With that in mind, Angie’s feeling _great_ about her chances.

“Off you go, then,” Raihan says with a lazy wave of his hand, and they throw their pokeballs. Aria’s got an Axew, a compact little dragon-type that reminds Angie of a Gible, although Gible are more engineered for biting, while the Axew is built for climbing and clawing. That’s about all she knows about the pokemon – she’s going to have to do some more research on Galar’s pokedex, if she’s really going to take on their League.

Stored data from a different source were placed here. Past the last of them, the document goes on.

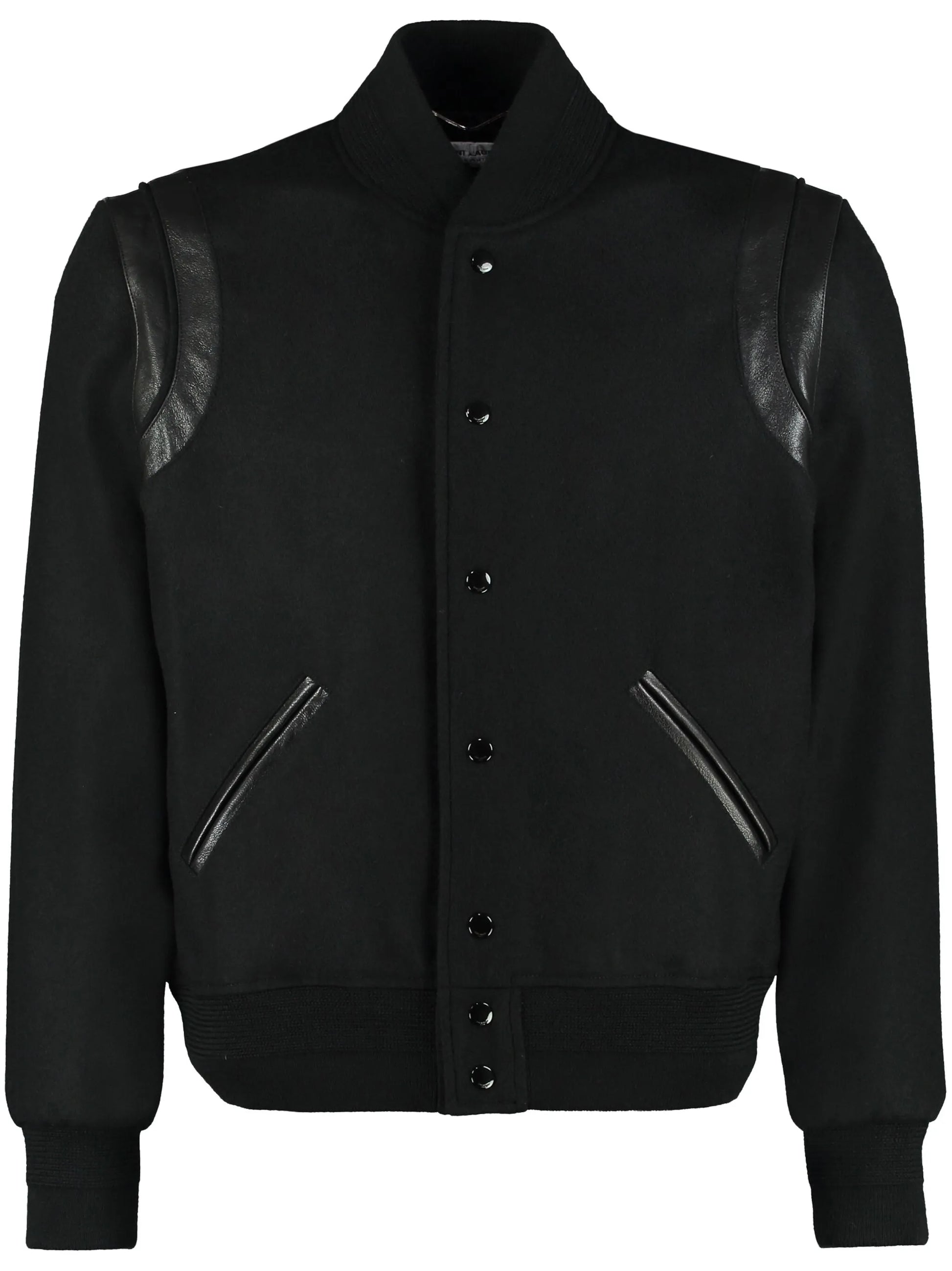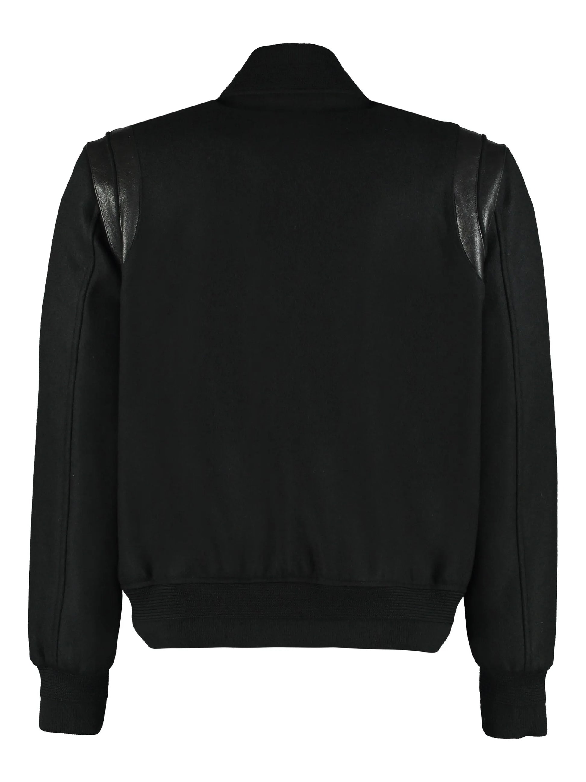 SAINT LAURENT LEATHER TRIM TEDDY VARSITY JACKET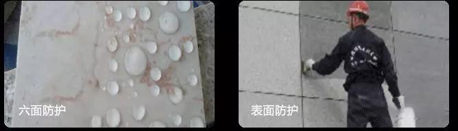 石材防护分为安装前防护和安装后防护,也就是平时所说的六面防护和表面防护。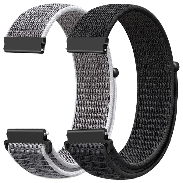 FTYQUEE 2 Pack Nylon Watch Bands Compatible with 16mm 18mm 19mm 20mm 22mm Watch Bands Quick Release Replacement Wristband, Adjustable Stretchy Straps Fabric Bands for Men Women(22mm)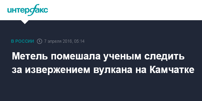Метель помешала ученым следить за извержением вулкана на Камчатке

Angie herself has a Trapinch, a pure ground-type. It’s not the sort of pokemon she was expecting, or the sort she would usually choose to work with, so she’s a little off-kilter already – but she’s come to Galar for a challenge, and she’s determined that she will rise to it.

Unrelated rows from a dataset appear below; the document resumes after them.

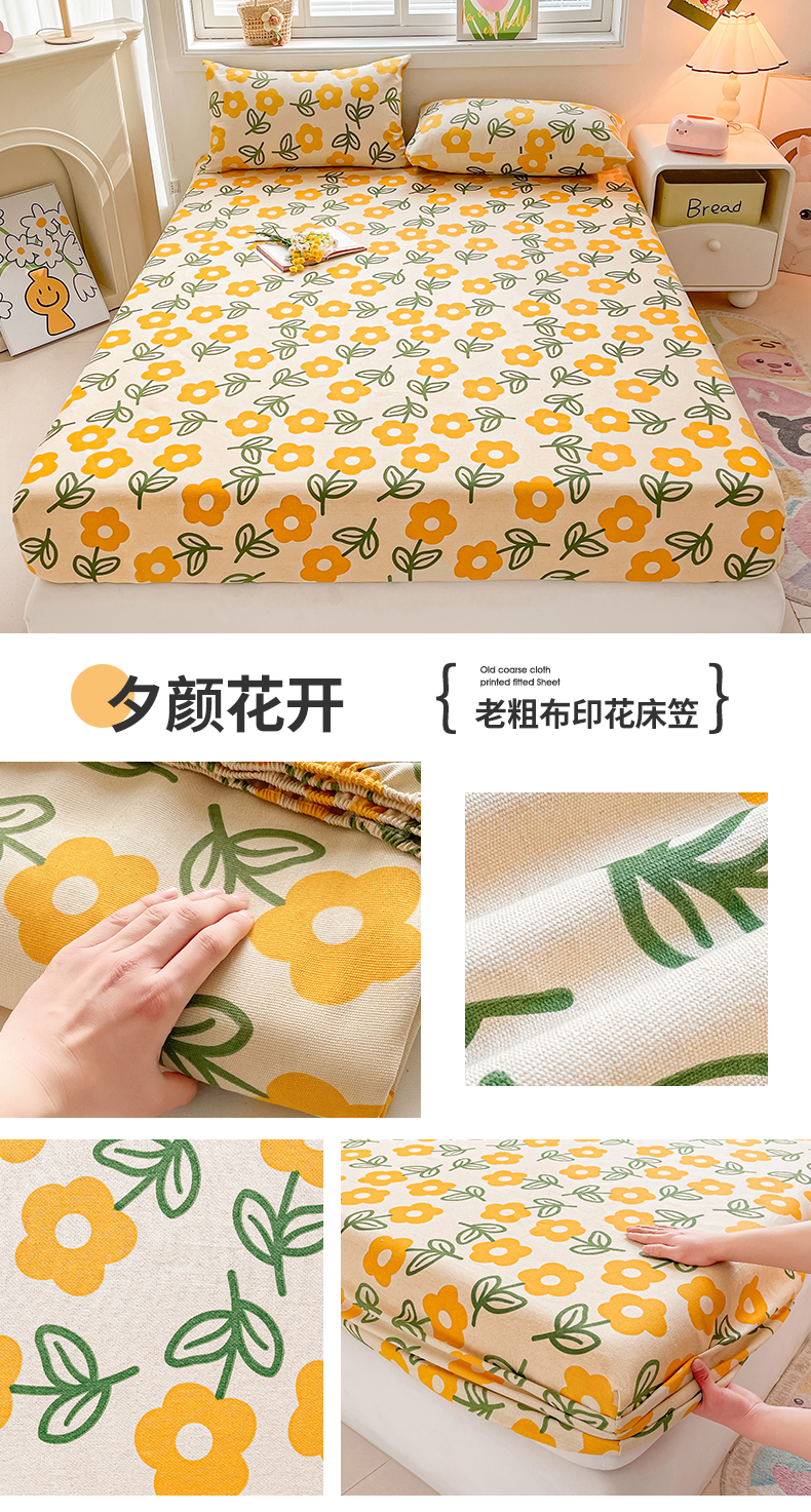 • 91家纺网 家纺一手货源 找家纺 晓时候2025新款老粗布床笠凉席 夕颜花开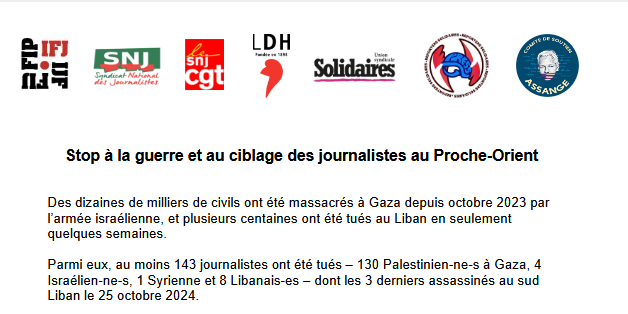 - exigeons l’ouverture de Gaza aux médias internationaux et la protection des journalistes, en commençant par l’évacuation d’urgence des journalistes blessés.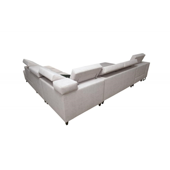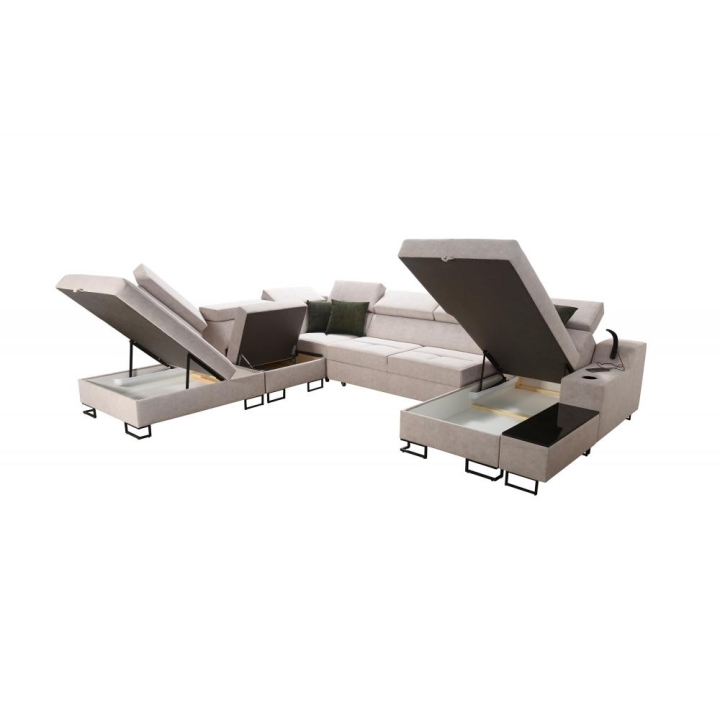 Komfort użytkowania podnoszą 7 regulowanych zagłówków, pozwalających na indywidualne ustawienie oparcia. Narożnik wyposażono również w ruchomą dostawkę, która rozszerza możliwości aranżacyjne bryły. Integralnym elementem jest zestaw wielofunkcyjnej lampy z ładowaniem USB i elastycznym ramieniem, zasilanej 12V/230V, o neutralnej barwie światła.

“You make the first move,” Aria calls to her kindly, and Angie glances down at her hand. She’s got Trapinch’s moveset written on her palm in smudged ink, because she hasn’t had time to memorise it yet. It’s unprofessional, but it’s better than forgetting what she’s got halfway through a fight.

“Trapinch?” she says, and her pokemon turns to look at her and squawks in reply. “Use Bite!” she directs, pointing towards the Axew. Trapinch cries out again, much louder this time, and leaps towards their opponent, jaws open wide.

“Slash, Axew!” Aria cries in response and her Axew leaps into action too. They meet in the middle of the field, in a crash of teeth and claws.

“Trapinch, Mud Slap!” Angie calls just as they part. Aria’s only a moment behind with her second move, but Trapinch is too fast; it digs its nose into the field and flicks dirt upwards, straight into its opponent’s face. Axew stumbles backwards, screeching in confusion and swiping wildly. It misses Trapinch multiple times before it gives up and scrubs at its eyes instead, clawing off the dirt.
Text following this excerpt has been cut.